Hessian World War I Primary Sources

Contents
- Umzug der Familie nach Dillenburg 1912
- ...
- Reise durch Südbelgien und Luxemburg
- Attentat von Sarajewo und drohende Mobilmachung
- Mobilmachung, Bahnwachdienst bei Haiger
- Bahnwachdienst bei Haiger, Furcht vor Spionen
- Bahnwachdienst bei Wetzlar, Abrücken zum Frontdienst
- Aufenthalt in Guntersblum (Rheinhessen)

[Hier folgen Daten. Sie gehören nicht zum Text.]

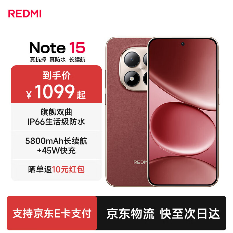 小米REDMI Note15 【国家补贴】新品5G小米红米手机 第三代骁龙6金刚品质 5800mAh大电量IP66防尘防水 车厘子红【新春色】 8GB+128GB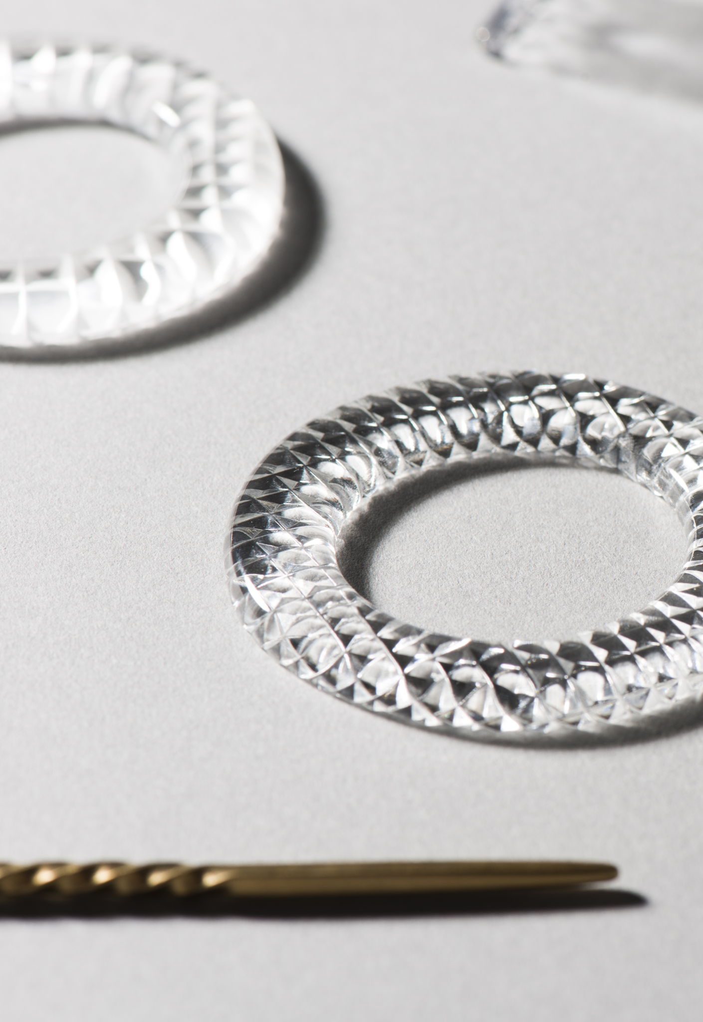 江戸切子の職人が、ひとつひとつ丁寧に手作業でカッティングを施したガラスのかんざしは、 晴れた冬の日の水面に張った氷のように、キラキラと輝く。 さっとつけた瞬間から、エレガントな光をまとうかんざし。 昔から女性たちに好まれた文様を江戸切子で表現し、 素材には、切子誕生当初からの素材である透きガラスを使用し、太陽、月、水平線をモチーフに3タイプのデザインで展開。クラフト感を引き立てつつ現代的なイメージを表現するため、ミニマルなデザインに仕上げた。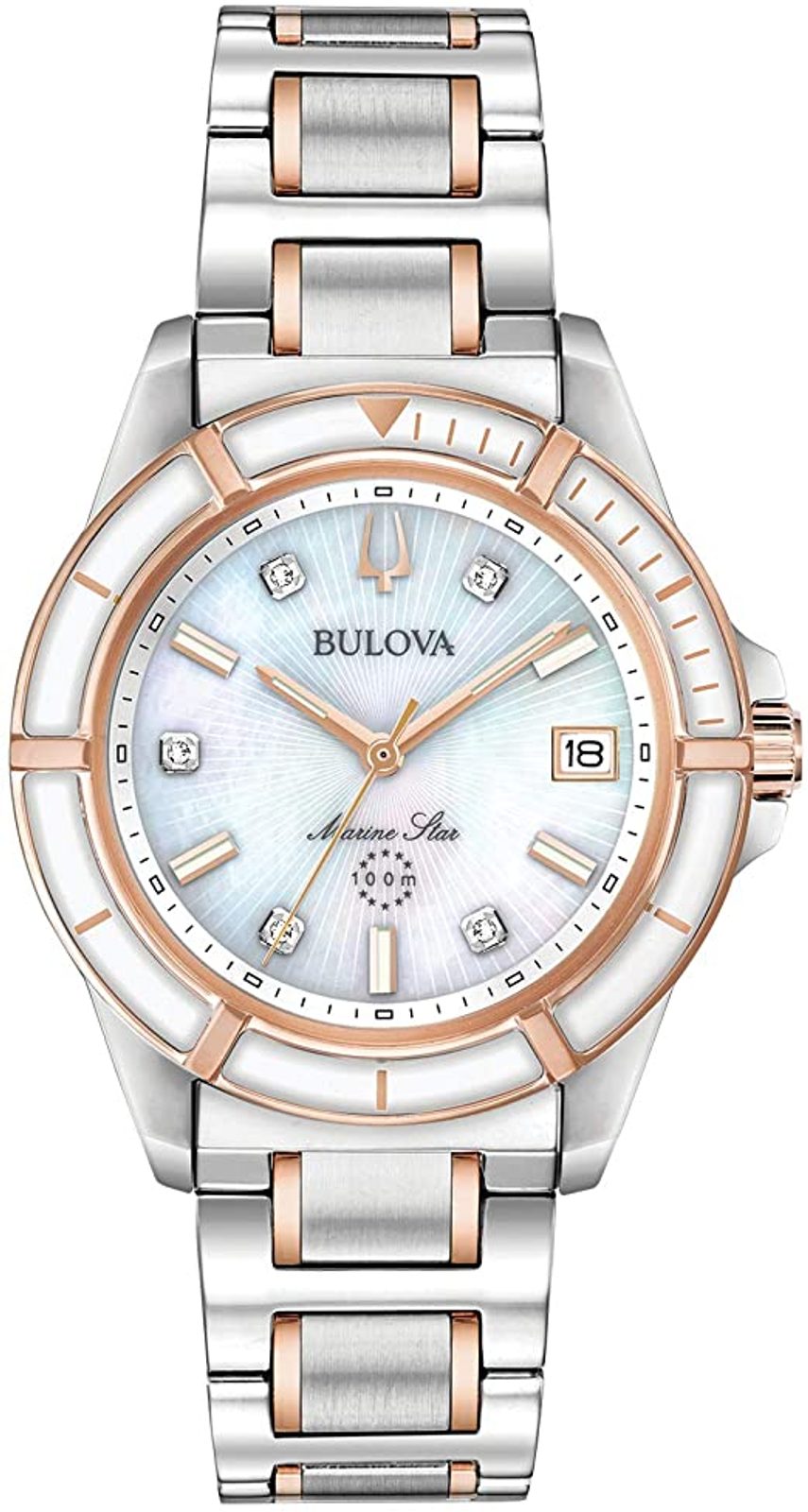The Bulova 98P187 is a model from the Marine Star series. The case and bracelet are made of stainless steel in bicolour. The fine hands and 5 diamonds at the hour positions stand out on the clear mother-of-pearl dial, protected by a mineral glass. The watch is equipped with a date function at the 3 o'clock position. For better legibility in low light conditions, the hands are equipped with luminescence. The watch is decorated with a lunette with ceramic inserts. The water resistance of this model is 100 m, so it is possible to swim with the watch. Due to the case diameter of 34 mm, it is a suitable choice for smaller women's wrists.
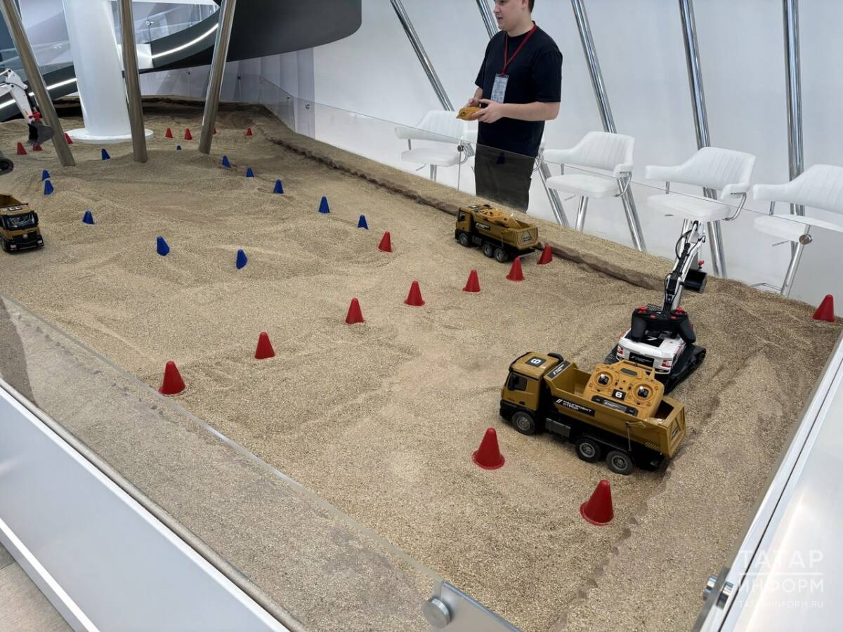 Для уставших от деловой программы есть развлечения на любой вкус. Вот, например, песочница с игрушечной строительной техникой на радиоуправлении.

- Aufenthalt in Guntersblum (Rheinhessen)
- ...
- Vorrücken über die Warthe
↑ Otto Merkel, Geschichte der Familie Merkel 1912-1919
Abschnitt 29: Bahnwachdienst bei Haiger, Furcht vor Spionen
◀ [113-114] So blieben wir etwa acht Tage in Haiger1 und sahen die endlosen Transportzüge vorbeilaufen: Infanterie, Artillerie, Kavallerie u. technische Truppen aller Art. An jeder Station war ein Versorgungsdienst eingerichtet, der die Soldaten mit Nahrungsmitteln: Brot, Kaffee, Tee, sowie Zigarren und Zigaretten versah. Alles das wurde von Stadt und Land in Wagenladungen herbeigebracht und zwar in solchen Mengen, dass die Soldaten nicht alles bewältigten, sondern dass man nachher die Butterbrote geringerer Qualität körbeweise zwischen den Schienen auflesen konnte. Damals ahnte man [S. 114] noch nicht, wie rar die Brote noch einmal bei uns werden würden.

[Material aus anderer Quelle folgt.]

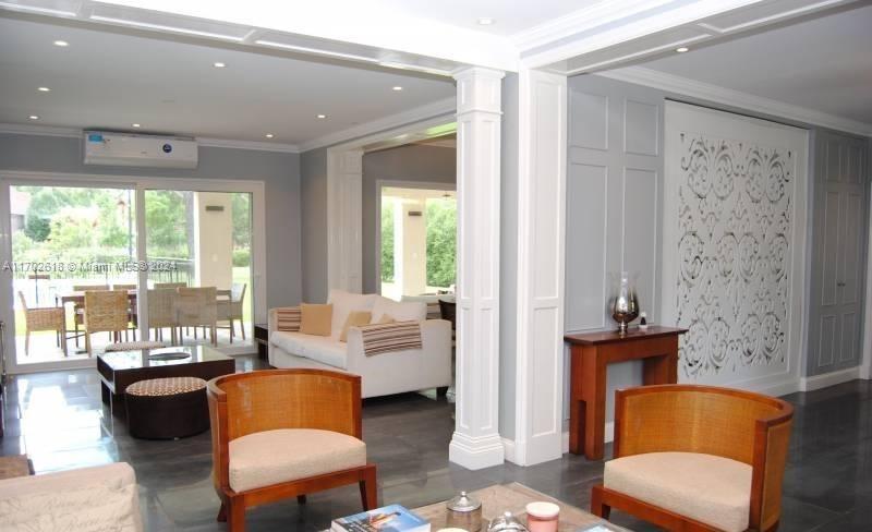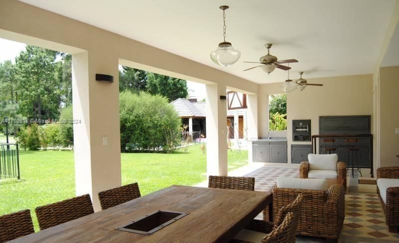 French-Style Home for Sale on a Central Golf Lot in Village Golf & Tennis Country Club. 3 Beds 3 Baths. Reception Hall w/ dual circulation leading to the living room and kitchen, Under-stair storage space and guest closet, Spacious L-shaped living-dining room w/ large windows overlooking the garden, Sliding double-leaf carpentry door leading to the kitchen; Kitchen w/ cabinetry, pantry space, and a support/breakfast bar, Laundry room w/ exterior access to the garage, Staff quarters and bathroom w/ shower, Porcelain tile floors throughout. Access door w/ foldable staircase to the attic, Master suite with bathroom and walk-in closet. Access to a terrace w/ views of the golf course and exterior. Large covered patio. Built-in Tromen brand grill and oven. Sink and support bar. Garden w/ pool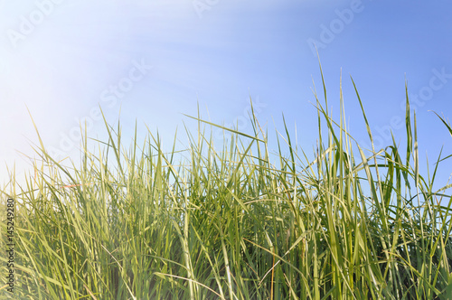 © coco, Fototapeta premium herbe dans la lumière du soleil sous ciel bleu

Die Spionenfurcht dauerte noch immer. Eines Tages wurde berichtet, dass 2 Französisch sprechende Radfahrer durch Haiger gefahren seien. Alles was nicht Posten stand, nahm die Waffe zur Hand, um die Bösewichter zu verfolgen, doch fanden wir nichts. Am andern Tag wurde der Verlust einer Kiste Dynamit gemeldet und der vermeintliche Dieb war an dem Sechsheldener Einschnitt unweit vor der großen Straßenbrücke angeblich gesehen worden. Für die Nacht wurde nun aus halbwüchsigen Burschen eine Sicherheitswehr gebildet, die alle 50 m. einen Posten an der Bahnstrecke entlang stellten mit Jagdgewehren, Revolvern und anderen Schießwaffen zum Teil recht abenteuerlicher Art.

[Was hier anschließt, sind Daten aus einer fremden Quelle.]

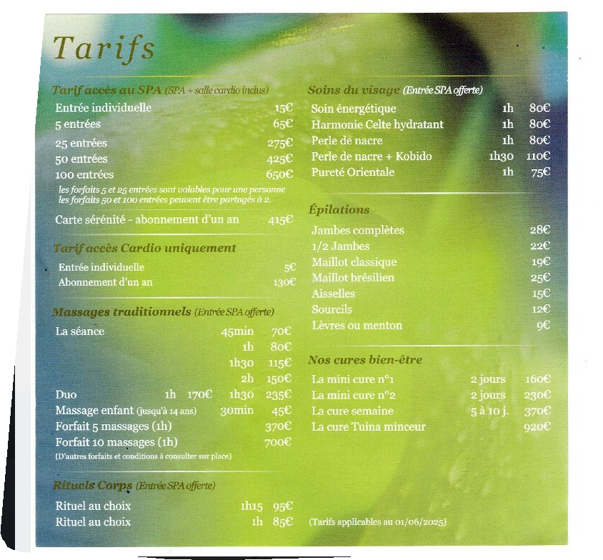 Tous nos soins et massages à la carte, téléchargez la plaquette du spa : le Jardin du bien-être.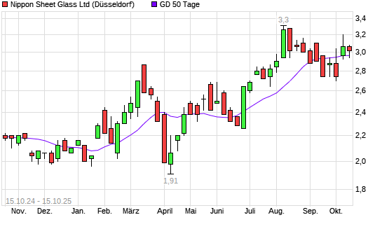 Mit dem Rücksetzer auf 2,98 EUR hat die Nippon Sheet Glass-Aktie am 14.10.2025 die 50-Tage-Linie nach unten gekreuzt.
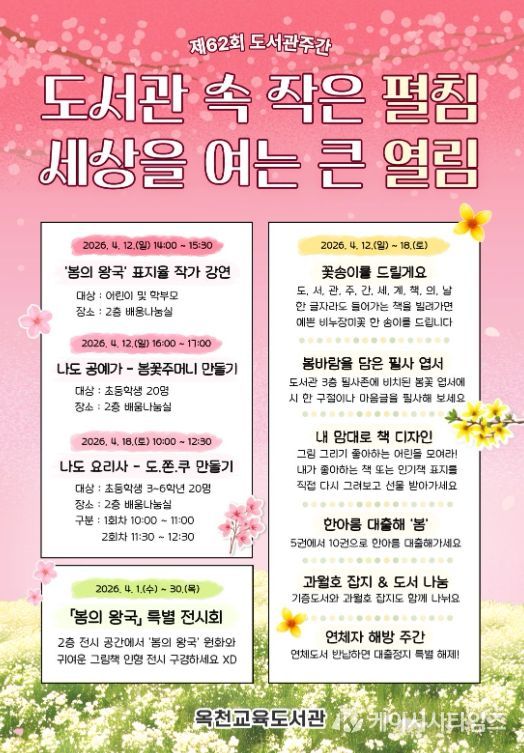 (케이시사타임즈) 옥천교육도서관은 도서관의 날과 도서관 주간을 맞아 4월 12일부터 18일까지 학생과 학부모, 지역주민을 대상으로 다양한 독서문화 행사를 운영한다.

Da ich wußte, dass am Tage vorher ein Gymnasiast in Dillenburg auf den sich bewegenden Signalarm der Bahn geschossen hatte, trat ich in dieser Nacht meine Patroulliengänge nicht gerade sehr ruhig an. Die Gefahr, von einem nervösen Realschüler angeschossen zu werden, war tatsächlich nicht gering.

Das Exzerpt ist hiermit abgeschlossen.